Data section below:

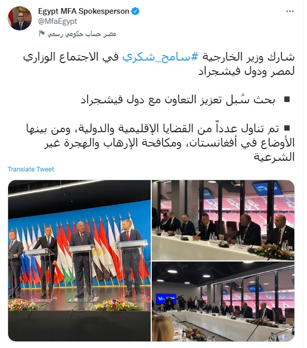 وكتب أحمد حافظ تغريدة على تويتر قال فيها: "شارك وزير الخارجية #سامح_شكري في الاجتماع الوزاري لمصر ودول فيشجراد.. بحث سُبل تعزيز التعاون مع دول فيشجراد.. تم تناول عددًا من القضايا الإقليمية والدولية، ومن بينها الأوضاع في أفغانستان، ومكافحة الإرهاب والهجرة غير الشرعية".
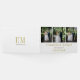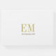 Foto Elegante Do Livro De Convidados De Casamento. A tipografia está em uma fonte moderna. Todo o texto é facilmente alterado para adicionar suas próprias informações. Adicione suas próprias fotos. O reverso apresenta um Monograma com a noiva e as iniciais do Grooms. Este livro de hóspedes do casamento personalizado está sozinho, mas faz parte de um pacote de papéis de carta do casamento do just Fine Designs.
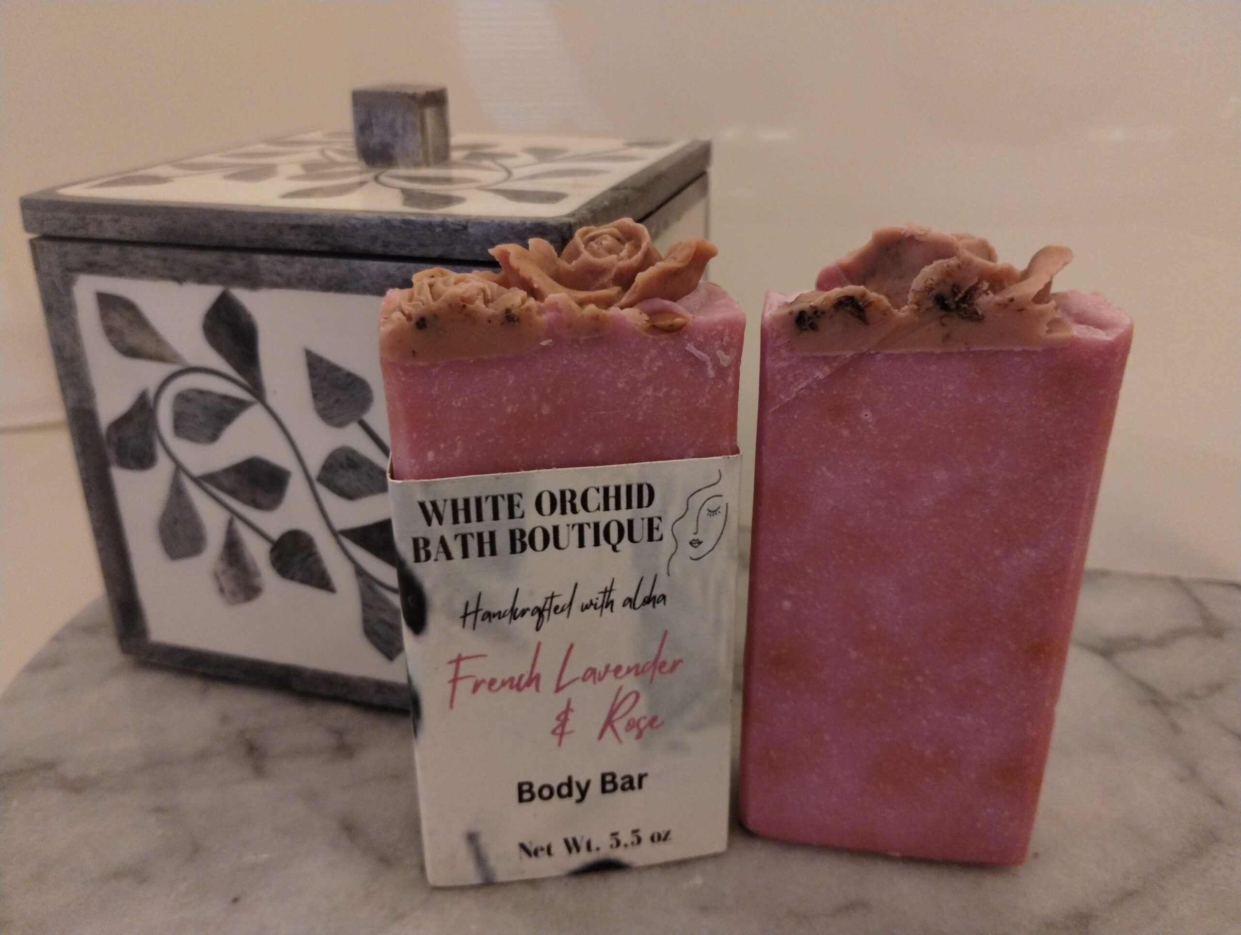 Ingredients: cocos nucifera (coconut) oil, distilled water, olea europaea (olive) oil, guineensis (palm) oil, glycine soja (soybean) oil, sodium hydroxide, vitellaria paradoxa (shea) butter, ricinus communis (castor) oil, sodium lactate, french lavender and rose fragrance oils, citric acid, mica
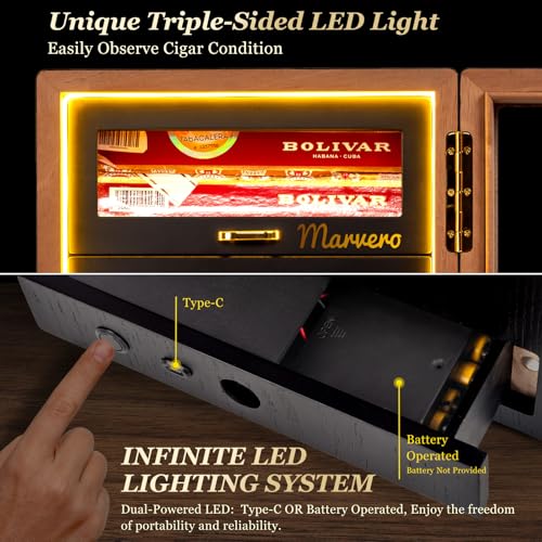 ăTRIPLE-SIDED LED LIGHTă: The infinite LED lighting system make it easier to observe the condition of the cigar. There has an LED light bottom on the back and features with Dual-Powered System: Type-C or Battery Operated, experience the convenience of portability and reliability (Battery not Provided)

End of Data section.

## Work order
Hand back the data above exactly, leaving out all pictures.

## Response below
 وكتب أحمد حافظ تغريدة على تويتر قال فيها: "شارك وزير الخارجية #سامح_شكري في الاجتماع الوزاري لمصر ودول فيشجراد.. بحث سُبل تعزيز التعاون مع دول فيشجراد.. تم تناول عددًا من القضايا الإقليمية والدولية، ومن بينها الأوضاع في أفغانستان، ومكافحة الإرهاب والهجرة غير الشرعية".
 Foto Elegante Do Livro De Convidados De Casamento. A tipografia está em uma fonte moderna. Todo o texto é facilmente alterado para adicionar suas próprias informações. Adicione suas próprias fotos. O reverso apresenta um Monograma com a noiva e as iniciais do Grooms. Este livro de hóspedes do casamento personalizado está sozinho, mas faz parte de um pacote de papéis de carta do casamento do just Fine Designs.
 Ingredients: cocos nucifera (coconut) oil, distilled water, olea europaea (olive) oil, guineensis (palm) oil, glycine soja (soybean) oil, sodium hydroxide, vitellaria paradoxa (shea) butter, ricinus communis (castor) oil, sodium lactate, french lavender and rose fragrance oils, citric acid, mica
 ăTRIPLE-SIDED LED LIGHTă: The infinite LED lighting system make it easier to observe the condition of the cigar. There has an LED light bottom on the back and features with Dual-Powered System: Type-C or Battery Operated, experience the convenience of portability and reliability (Battery not Provided)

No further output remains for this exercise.